Could you print the stretch of lines below from the one with "PC2700(DDR333) DDR SDRAM" through the one with "When you download", exactly as they stand and without any pictures?
*** Begin section ***
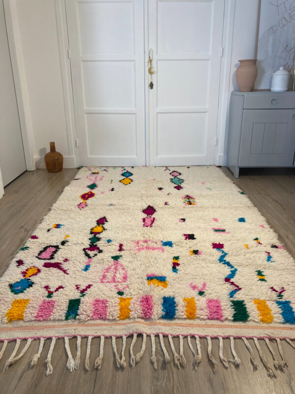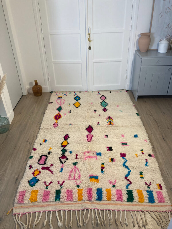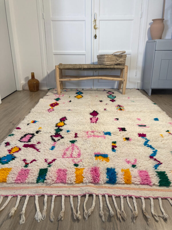 Tapis Berbère Azilal écru et formes multicolores, laine tissée à la main par nos artisans marocains.
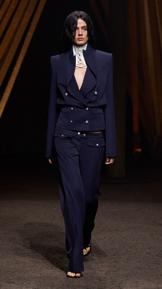McGirr balanced rigidity and release throughout the collection. Corseted waists and sharply tailored jackets were counteracted with voluminous dresses that billowed like captured wind. He revisited Lee McQueen’s iconic bumster trouser, re-engineering it in sleek navy wool with daringly low waistlines and serpentine zippers, grounding the ethereal energy in something instinctive and urban. The tailoring was exquisite but intentionally imperfect, lapels crumpled, seams frayed, taking over the collection with a rawness that felt deeply human.
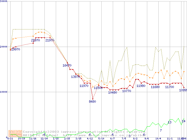 PC2700(DDR333) DDR SDRAM DIMM ECC対応 Registeredタイプの最安値推移
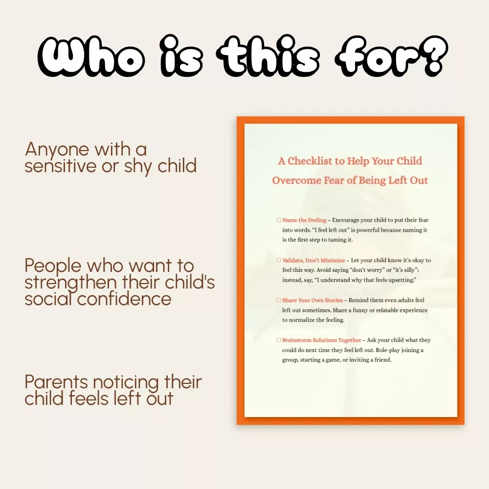 When you download this guide, you’re not just getting a file—you’re getting a partner in parenting. This is your essential tool for parents looking for a proven method on how to handle child’s fear of being left out. It’s perfect for parents of children in preschool and elementary school, caregivers, grandparents, and anyone who wants to support a child’s social and emotional development.
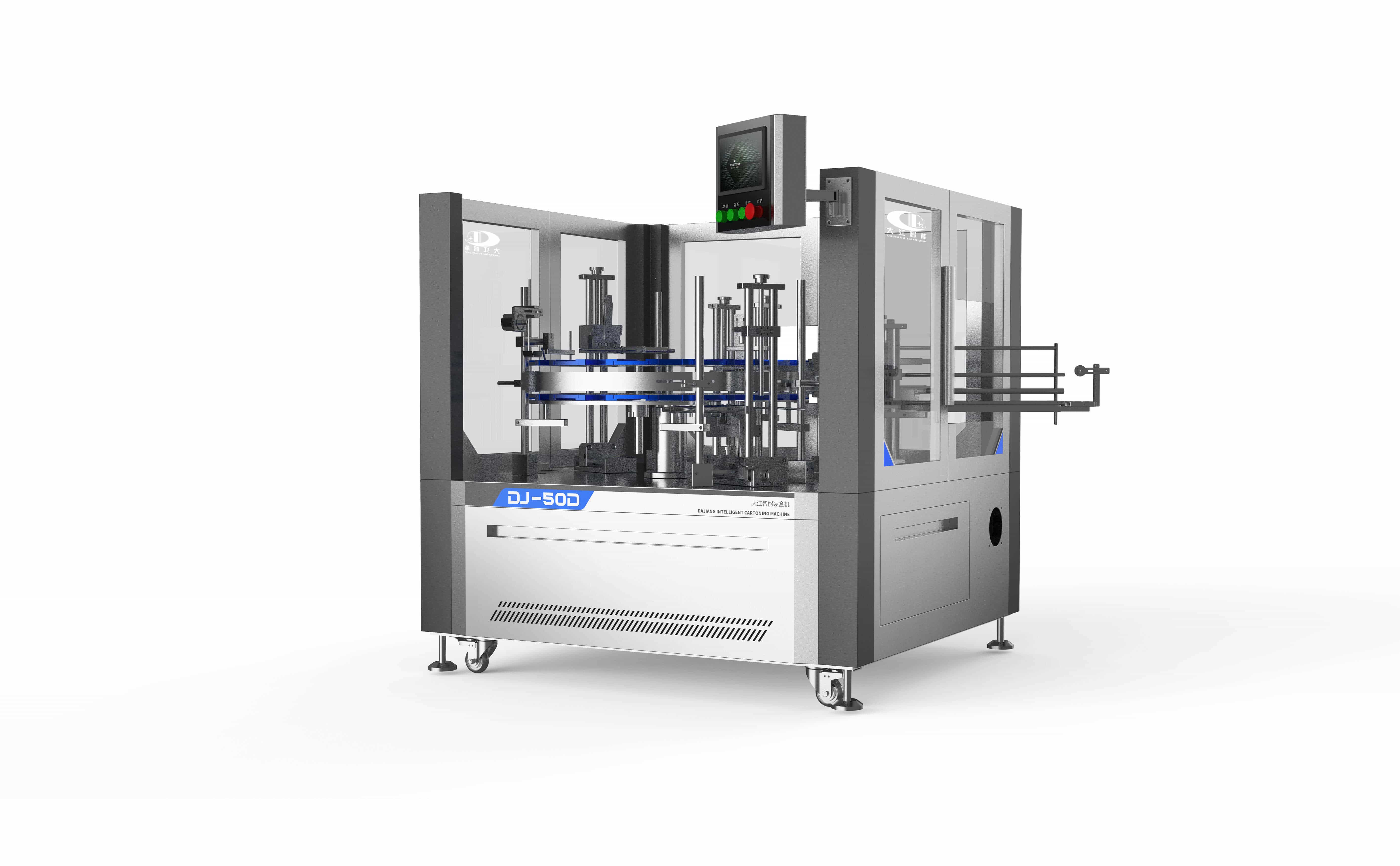 DJ-50多功能立式裝盒機適應(yīng):制藥行業(yè),食品行業(yè),化妝品行業(yè),電子行業(yè)紙盒立式自動成型包裝。
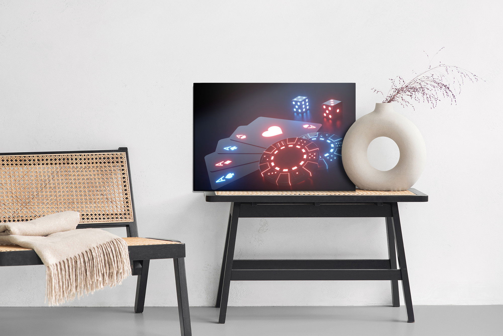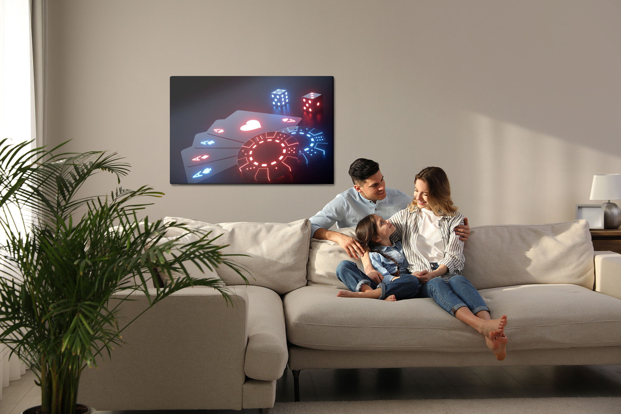 Varje tavla monteras på en massiv fururam. Format upp till 70×50 cm har en ram på 15 mm, medan format från 90×60 cm och uppåt har en ram på 20 mm. Den exakta dukspänningen gör att tavlan håller sin form över tid. Motivet Neon game set trycks runt hela ramen vilket ger ett stilrent galleriuttryck där tavlan är lika vacker från sidan som framifrån. Kombinationen av rak dukspänning, rena linjer och korrekt tryck ger en professionell finish.
*** End section ***
■ Result of the task
 PC2700(DDR333) DDR SDRAM DIMM ECC対応 Registeredタイプの最安値推移
 When you download this guide, you’re not just getting a file—you’re getting a partner in parenting. This is your essential tool for parents looking for a proven method on how to handle child’s fear of being left out. It’s perfect for parents of children in preschool and elementary school, caregivers, grandparents, and anyone who wants to support a child’s social and emotional development.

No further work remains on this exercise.